Thursday, July 31, 2014

Taking the Lane: How Predictable!

First order of business, today is the last day to log your miles for the National Bike Challenge for the month of July. So if you have not already log those miles. Further, if by chance you have not signed up yet, it is not to late to be a part of this movement.

If you look on the National Bike Challenge website, you will notice that there is tab you can click on about bike safety. One the points made is the importance of being a predictable cyclist. What this means is biking in way such that your intentions are clear to the cars, pedestrians, and other cyclists around you. It is a really easy way to keep yourself safer and to not annoy those around you. (Think about how much love that pedestrian who suddenly walks into the middle of the bike path.)

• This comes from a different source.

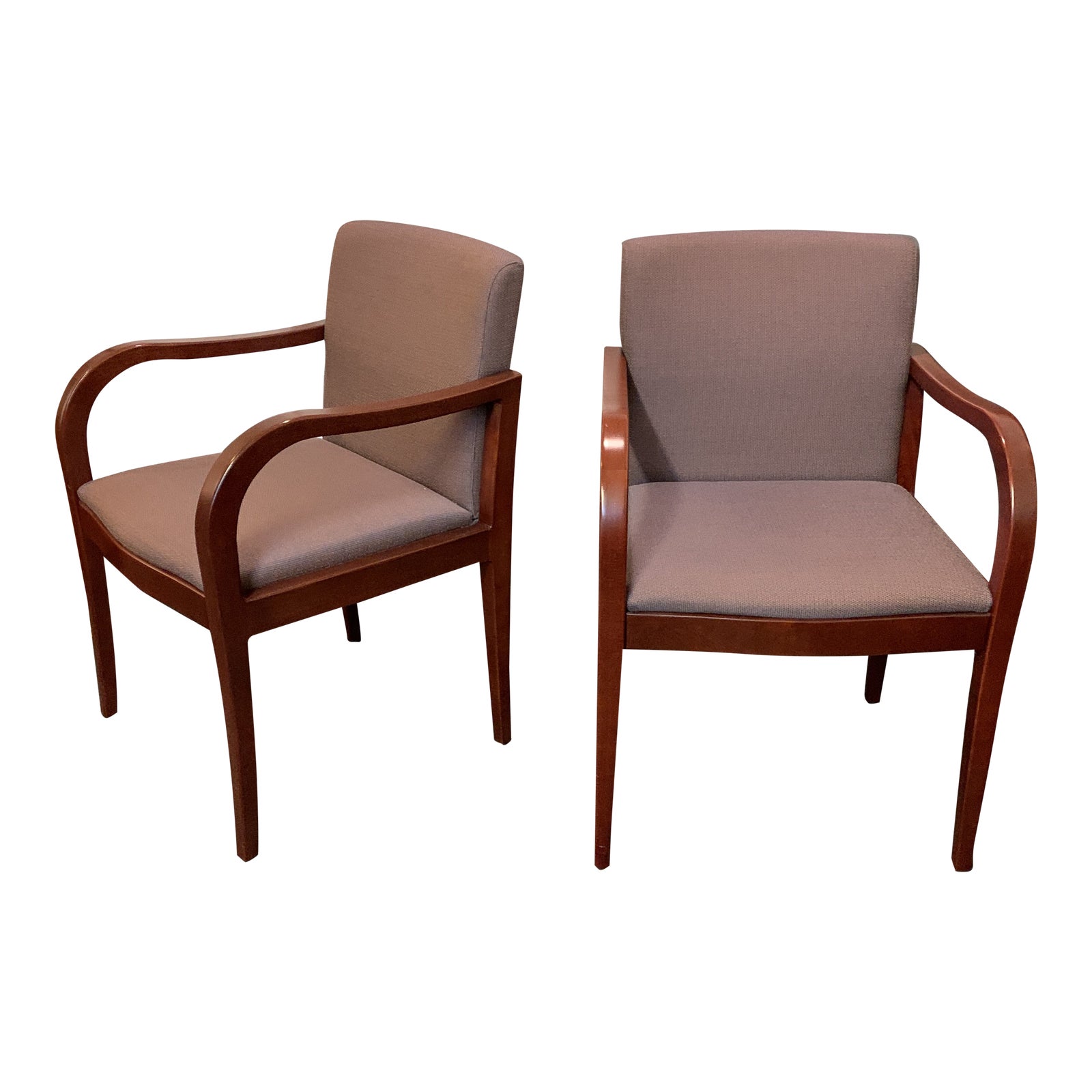 Design Plus Gallery presents a pair of arm chairs. Finished in a glossy cherry hue, the pair of clean lined armchairs offer comfort in a simple style. Easy to move where needed, the pair is upholstered in a multicolor woven fabric that reads blue/gray from a distance.

It is something most of us could always get a little better at, myself included. For me, I can get lazy about signaling and such when I am tired or stressed. So here are a few tips on being predictable.

Hand Signals


Motorists (should always) use turn signals and break lights to communicate with divers around them. This always for smoother traffic flow and reduces accidents and when used consistently. It is also something that we have all come to expect. (Think about how annoying it is when someone forgets a turn signal.) Bikers have their method of communicating their intentions in the form of hand signals. A diagram of the signals can be found bellow. Most of us who have been cycling for awhile are very familiar with the hand signals, but I will admit that I did not know what they were until I was about four month into commuting. A few notes about hand signals, most people expect you to signal by pointing to the direction you are turning. The left handed right turn signal is not as commonly used. I have also seen people indicate that they are stopping by putting a hand up. This is technically not correct, but look out for it. Also, if you are cycling in heavy bike traffic (awesome) take care not to be so exuberant with your signally that you hit the person next to you.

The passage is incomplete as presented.